Hearing exposes coal's multi-billion dollar public health cost
While the Kentucky legislature has generally ignored the economic and environmental consequences of coal, it did get a few minutes today to consider the effects on human health when the House Committee on Health and Welfare gave KFTC 20 minutes on its agenda.
Our three panelists made those 20 minutes count, focusing on the dangers not only to coal miners but to the health of whole communities in the coalfields.
KFTC member Beverly May, a nurse practitioner who works in Perry County, said she sees miners who have contracted lung diseases from exposure to coal dust and silica dust. "At home in Floyd County, I have friends in Hueysville, David and Allen that are plagued by dust from both nearby strip mines and from coal trucks passing by their homes. This is the same sandstone dust which causes silicosis in the workers, so I have to wonder, what does it do to children with asthma or elders or anyone who breathes it every day?"
She described the headwaters of Raccoon Creek, which are now polluted from nearby mining. "So I have to wonder, is the public water supply safe?"
Beverly May |
Dr. Michael Hendryx |
"The coal industry isn't answering these questions because they don't have to," said May. "This body and the federal government have not held them fully accountable."

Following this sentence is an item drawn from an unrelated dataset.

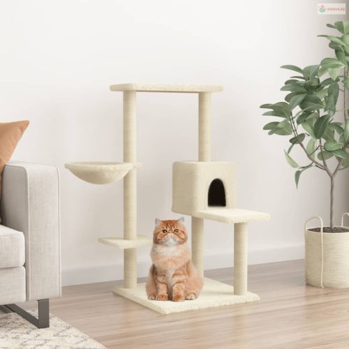 Krémszínű macskabútor szizál kaparófákkal 95 cm
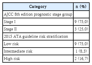 수술 후 병기(American Joint Committee on Cancer 8th edition)는 Stage I 9예(75.0%), Stage II 3예(25.0%)였으며, 미국 갑상선 협회 가이드라인(2015 American Thyroid Association Guideline, 2015 ATA Guideline)에 따른 위험도 분류시 저위험군 9예(75.0%), 중간위험군 1예(8.3%), 고위험군 2예(16.7%)였다(Table 4).

Dr. Michael Hendryx, director of the West Virginia Rural Health Research Center and an associate professor at West Virginia University, said his research has revealed higher rates of chronic heart, chronic lung and renal failure mortality rates in coal-producing areas than in the rest of Appalachia or the nation, even after the rates have been adjusted for other factors such as smoking, age and education.
"We have some evidence that the effects become stronger as the level of mining increases," Dr. Hendryx said. He attributed this to "significant impairment of air and water quality near mines." He also noted that poverty and economic disadvantage are major predictors of public health and that mining areas have the highest poverty rates.
A couple of Dr. Hendryx's reports can be found here and here.
Nancy Reinhart read a statement from Dr. Paul Epstein, associate director of the Center for Health and the Global Environment at Harvard Medical School. Among other findings, Epstein stated that 19 of the known chemicals used and generated in processing coal are known cancer-causing agents, 24 are linked to lung and heart damage, and several remain untested as to their health effects.
The oral testimony was supplemented with dozens of pages of documentation and medical research given to committee members.
Bill Bissett, president of Kentucky Coal Association, asked to rebut and was given a couple of minutes. He did not say burning coal or dumping toxic mining wastes in streams improved anyone's health or offer any refuting evidence, but did say the coal industry offers some scholarships to eastern Kentucky students to go to medical school.